According to one source close to the situation, the Mother Superior who is still in Philadelphia has now requested from Rome that the monastery be preserved as a house of prayer so that at some future point Carmelite nuns could come and renew the monastery.
But there are plans to “suppress and plunder the Monastery,” in the words of one source, and this agenda is being led by Bishop Fitzgerald. Mother Superior is trying to forestall this plan and reached out to Rome. It is in this context that the Vatican intervened more expressly.

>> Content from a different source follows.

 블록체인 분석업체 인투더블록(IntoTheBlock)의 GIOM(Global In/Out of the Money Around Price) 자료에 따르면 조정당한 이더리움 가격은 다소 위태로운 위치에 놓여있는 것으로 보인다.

In early September, Father Rafal Wilkowski – who works under Cardinal João Braz de Aviz, the head of the Congregation for Religious – “responded and said that a Visitation would be planned.” The source continued, “At the recent visitation [which took place at the end of September, before the visitation of the Fairfield monastery], Mother chose to explain the plans to preserve the Sacred Monastery in the hope that the Holy See will cooperate. The Vatican representatives stated that it is the plan of the Vatican to suppress the monastery.”

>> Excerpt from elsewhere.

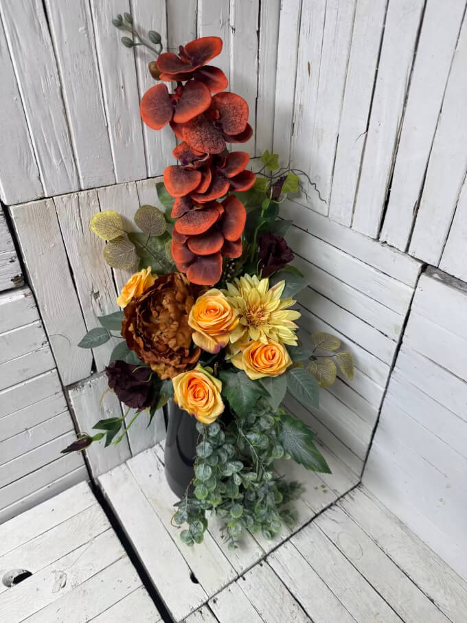 Nowoczesne stroiki na cmentarz ze sztucznych kwiatów, nietypowe stroiki na cmentarz, tanie stroiki na cmentarz

At this point, Mother Superior is waiting to hear from Rome, with whom she has politely and faithfully collaborated, even though, as another source told LifeSite, the archdiocese tried to spread rumors about her state of health, trying to discourage Carmelite nuns from other monasteries in the United States from moving to join her.

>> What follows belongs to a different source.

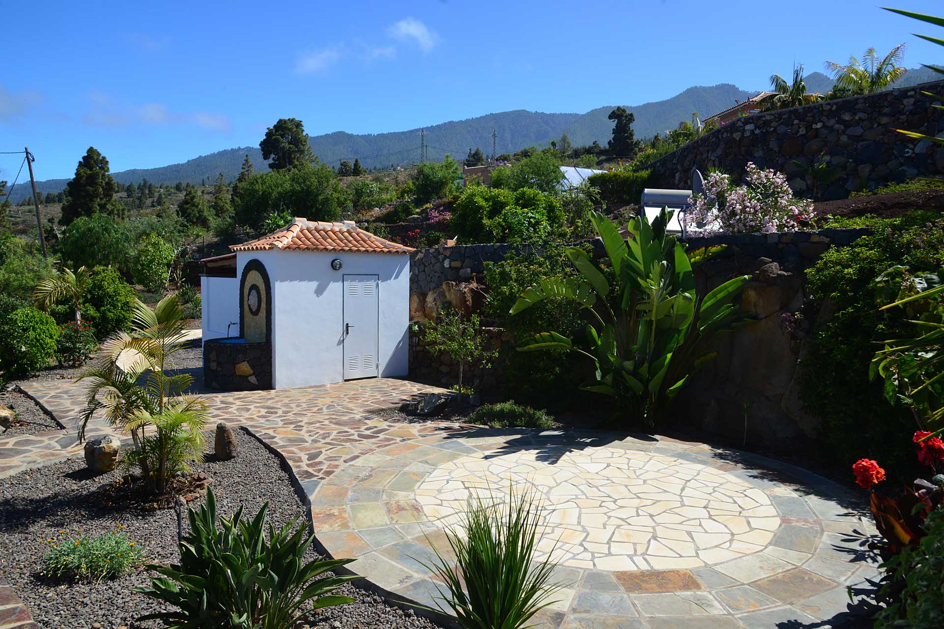 Der große Garten wurde sehr gut mit befestigten Wegen erschlossen und pflegeleicht angelegt sowie mit Zier- und Fruchtbäumen bepflanzt und einem automatischen Bewässerungssystem versorgt. In ihm befindet sich ein unterirdischer Wassertank, der mit gemietetem Aktienwasser für die Gartenbewässerung gespeist wird sowie ein Technikhaus, das auch Gartengeräte aufnehmen kann.

“Mother Pia is a beautiful, holy, devout and grace-filled nun,” one source told LifeSite. “I am blessed to know her. She is also very sharp witted. Any thought that she is somehow compromised is pure slander.”
LifeSite was also informed that the same group of clergymen trying to close down Carmel have “spent their entire careers closing churches and schools and who were leaders during the sex abuse scandals who failed to lead us out of them while persecuting those priests who did speak out.”
In an October 11 statement reaffirming his warning that Rome has a bias against tradition-minded monasteries and is out to close them down, Father Maximilian also spoke once more of the Philadelphia monastery and how it was used by Rome for a larger onslaught on the traditional Carmelite nuns in Fairfield and Valparaiso, just because they had tried to help their Philadelphia sisters of the Carmelite Order. He wrote:
In the case of the Carmelite Nuns who left Philadelphia, there was obviously a serious problem between two parties: the community of Nuns coming from Valparaiso, NE, and Fairfield, PA, to rejuvenate the Philadelphia Carmel on the one hand, and the Archdiocese, Father General, and the Association of St. Joseph on the other hand. If the Congregation was unbiased they would investigate BOTH sides of the problem – but instead the Congregation has already decided that the traditional Nuns are in the wrong and this is obvious because instead of using a third party to investigate both sides of the story the Congregation chose people on one side of the problem to investigate those on the other side of the problem (the Visitator [Father Rafal Wilkowski] is one of Father General’s right hand men – a Definitor on Father General’s Counsel, and the Co-Visitators are the current and former President of the Association). The Co-Visitators actually sent spies; they discussed the need to stop me from bringing the Sacraments and to switch the [Fairfield] Nuns over to the Novus Ordo Mass; they discussed strategies for turning the benefactors away from these traditional communities.
Father Maximilian confirmed that the Apostolic Visitation did not look to help the Philadelphia nuns continue to be an important house of prayer, especially in light of its historical role as a cradle of the devotion to St. Therese of Lisieux in the United States.
“I am not permitted,” he concluded, “to write here what they actually did during the Visitation [in Philadelphia and Fairfield] itself, but let’s just say that I was 100% correct in my assessment and that the Nuns pulling from Philadelphia was used as a pretext by the Congregation to go after these traditional Monasteries.”
LifeSiteNews has reached out to the Archdiocese of Philadelphia for comment, but has yet to hear back.